BEVERLY HILLS, Calif. & SPOKANE, Wash - Oct. 18, 2001-- Hilton Hotels Corp. (NYSE:HLT) and WestCoast Hospitality Corp. (NYSE:WEH) today entered into a non-binding letter of intent whereby Hilton will sell to WestCoast Hospitality its Red Lion chain of hotels and five Doubletree hotels.

The companies are making this announcement because they will be disclosing the proposed transaction in connection with pursuing potential franchises.

The transaction, which is subject to negotiation of a definitive agreement and the successful completion of due diligence, is expected to close by year-end 2001. Financial terms of the transaction will be announced upon closing.

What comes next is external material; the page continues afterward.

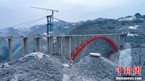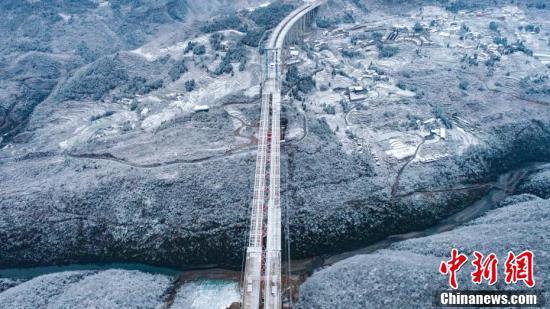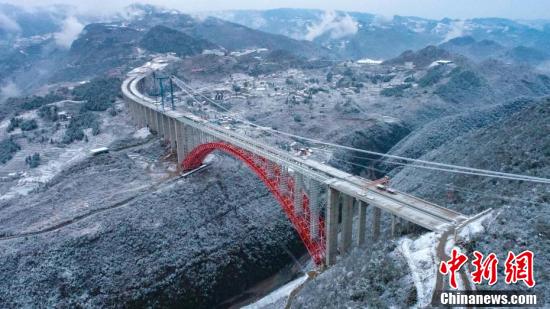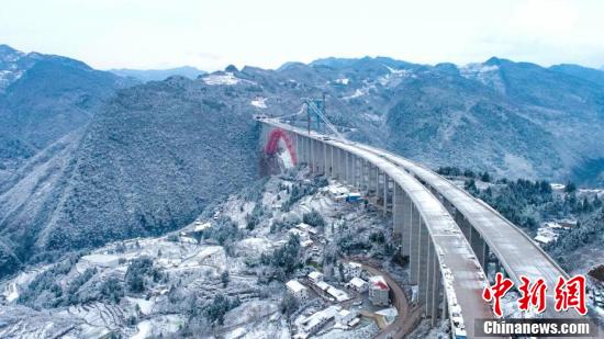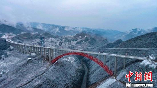 2月21日,贵州多地出现降雪天气,位于贵州省遵义市播州区境内的仁怀至遵义高速公路大发渠特大桥雪后景色宛如水墨画。
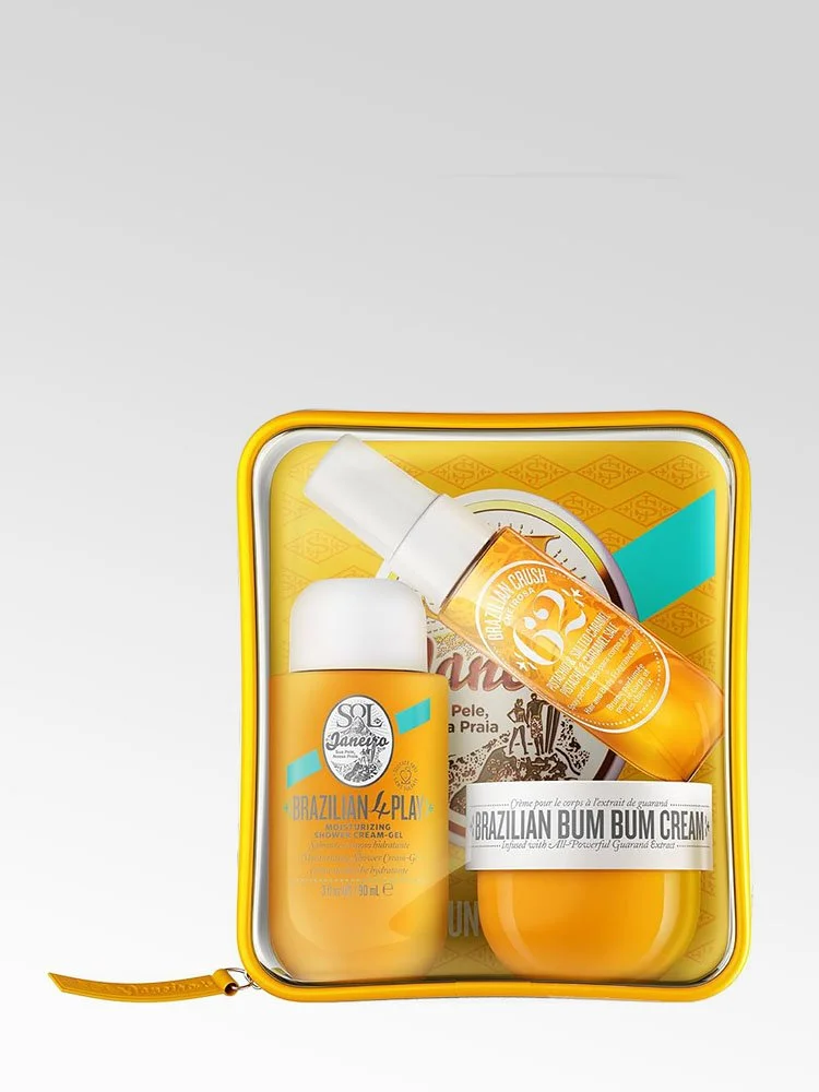 Todo lo que necesitas para lucir una piel bonita en un solo envase. El lote cosmético Sol de Janeiro Brazilian Bum Bum Jet Set contiene varios productos para ayudarte a crear o enriquecer tu rutina de belleza diaria, por lo que te encantarán tanto si te das un capricho como si se los regalas a tus seres queridos.

Included in the transaction are 42 Red Lion hotels with 6,426 rooms. The hotels, located primarily in the western United States, are in the states of Washington, Oregon, California, Montana, Colorado, Idaho, Arizona, Nevada, Wyoming, Missouri, Nebraska and Minnesota. Of the 42 properties, eight are owned by Hilton and 11 are leased. One hotel is operated by Red Lion under a management agreement, and the remaining 22 are franchise agreements. Hilton had acquired the Red Lion brand as part of its
November 1999 acquisition of Promus Hotel Corp.

Also part of the transaction are five Doubletree hotels (all of which had been branded previously as Red Lions), located in Pasco, Wash. (278 rooms); Portland/Columbia River, Ore. (301 rooms); Jantzen Beach, Ore. (320 rooms); Boise, Idaho (162 rooms); and Missoula, Mont. (171 rooms). Hilton owns the properties in Washington and Oregon, leases the hotel in Idaho and has a 50 percent equity position in the Montana property, the sale of which is subject to a joint venture agreement.

Red Lion Hotels, Inns and Inns & Suites are well known and respected for serving the needs of business and leisure travelers with a strong focus on the senior market and family vacationers. Founded in 1959, Red Lion earned a reputation as the hotel brand of choice in the Northwest and western United States. In 1996, Red Lion was sold to Doubletree, and became part of Promus when those two companies merged in 1997.

Hilton Hotels Corp. is recognized internationally as a preeminent hospitality company. The company develops, owns, manages or franchises approximately 2,000 hotels, resorts and vacation ownership properties. 

Red Lion franchisees and customers are expected to benefit from the management and marketing depth that Washington-based WestCoast Hospitality Corp. has in the primary, secondary and tertiary markets of the western United States.

The acquisition will approximately double the number of rooms owned, leased, managed or franchised by WestCoast Hospitality Corp. from 8,600 rooms in 46 hotels located in nine states to more than 16,000 rooms in 93 hotels located in 15 states, and will expand WestCoast into key markets including San Diego and Sacramento, Calif.; Colorado Springs and Denver, Colo.; St. Paul, Minn.; Omaha, Neb.; Missoula, Mont.; and Springfield, Mo.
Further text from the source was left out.